Serena Ivaldi, head of HUCEBOT, is holding the chair in Robotics and AI of the Cluster IA ENACT project (https://cluster-ia-enact.ai/) that is funding this PhD thesis. In the chair, she wants to push the research in Natural Language to assist humans in different scenarios of collaboration with robots, where safety is paramount. 

Most work on LLMs for robotics focused on generating sequences of actions and plans from high level goals, offline, only targeting autonomous robots isolated from humans. A critical limitation to deploy LLMs for robots collaborating with humans is their ability to be used online, in a human-in-the-loop scenario, to generate suitable motions and "safe" robot policies.
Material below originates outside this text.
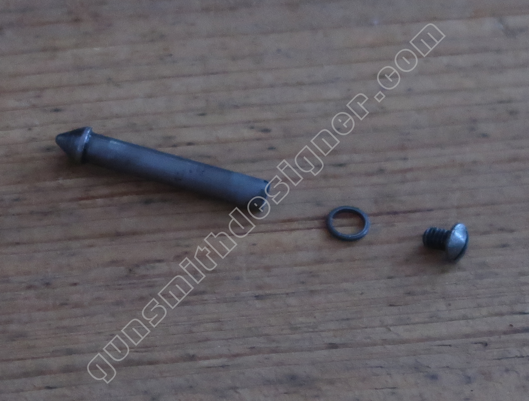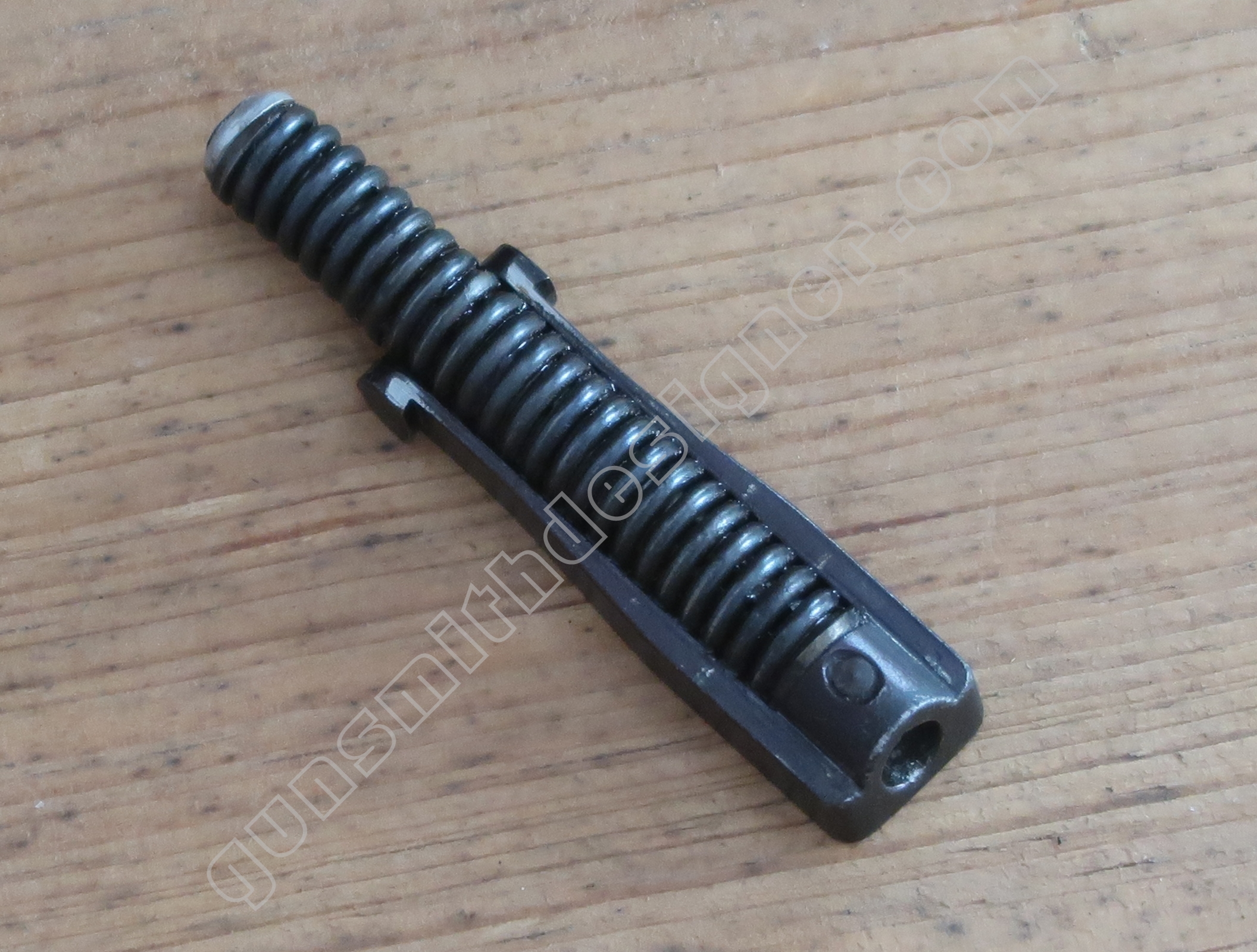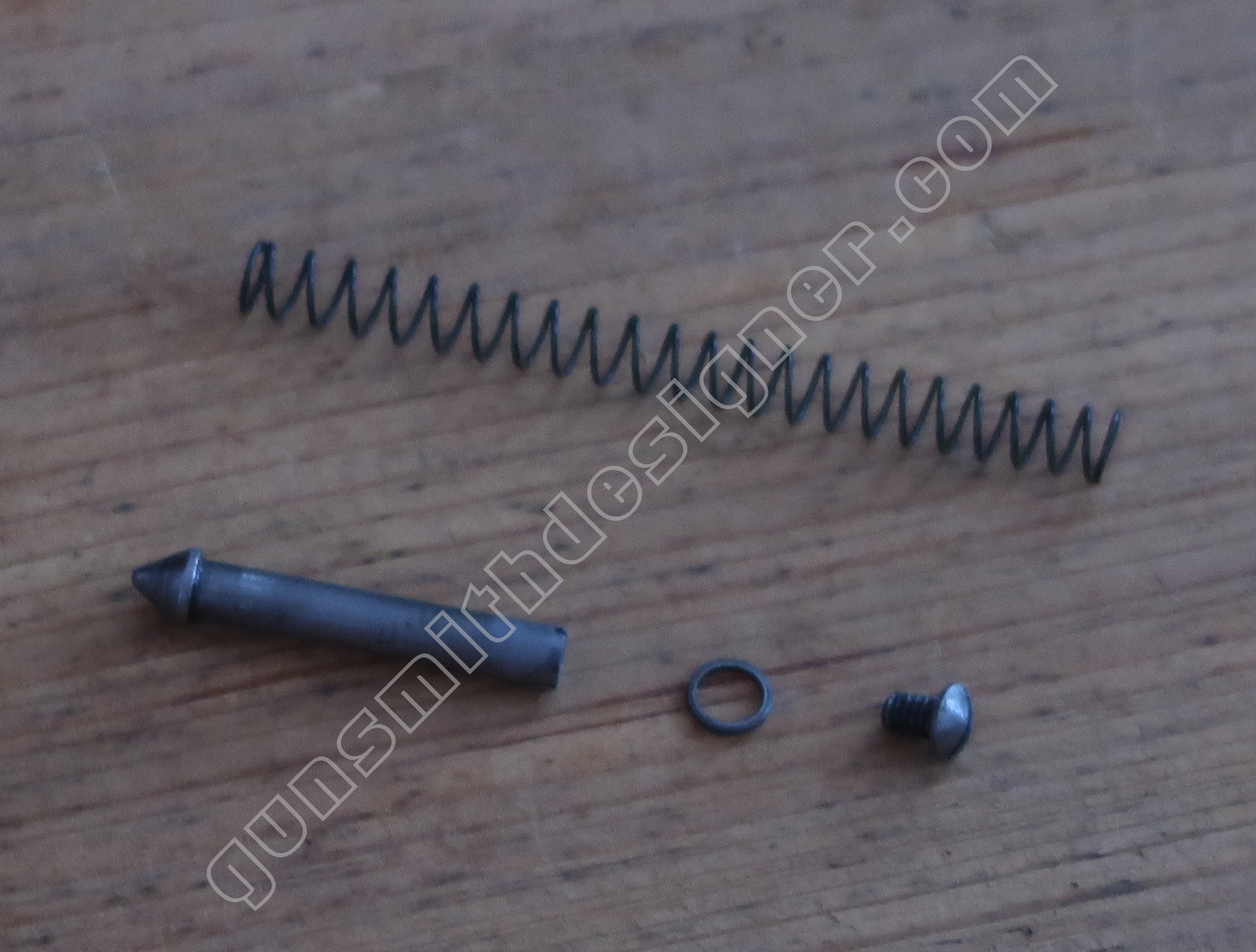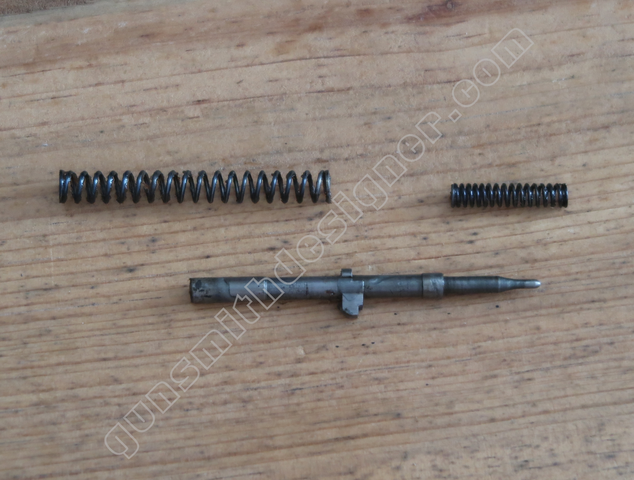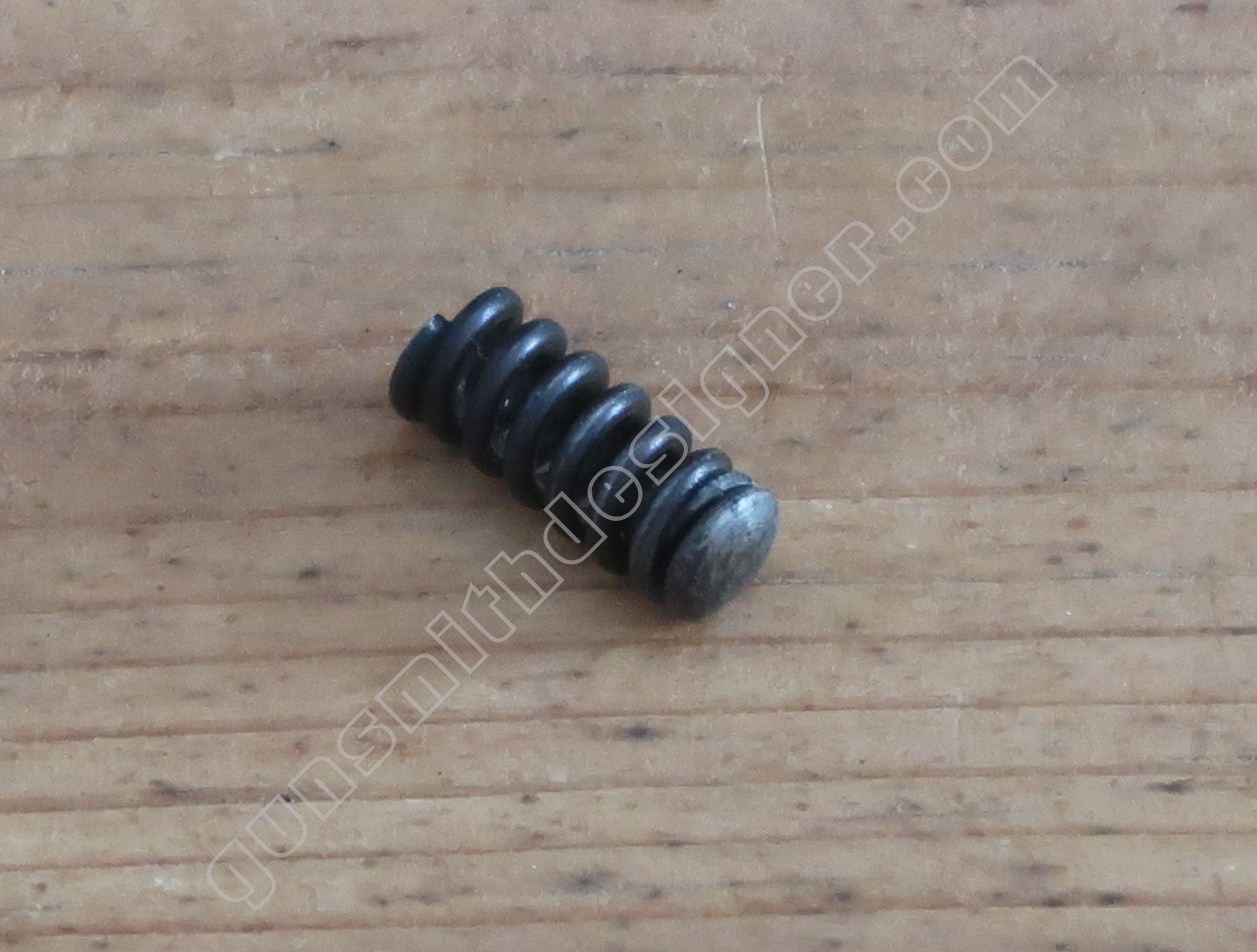 Le ressort de rebondissement du percuteur est utile pour que la pointe du percuteur ne fasse pas saillie en permanence dans la cuvette de tir. La longueur du ressort est : 23 mm. Le diamètre extérieur est : 4,9 mm. Le diamètre de fil est : 0,6 mm.

Here, we use LLMs to generate a robot's motions online in collaborative scenarios where safety is critical: active exoskeletons and mobile manipulators assisting humans in object manipulation. The human vocally commands the robot interactively, online, to control the generation of its motion at the low level: start, stop, direct, and change its low-level parametrization (e.g., compliant behavior, the velocity, the maximal torque assistance, etc.).

The first objective is to design the robot's controller with the natural language interaction feature in mind: the human's commands, corrections and Approximate Numerical Expressions must be translated into meaningful quantities, coherent with the physics of the problem. What do "faster", "a bit higher", "little to the right", and "more assistance" mean?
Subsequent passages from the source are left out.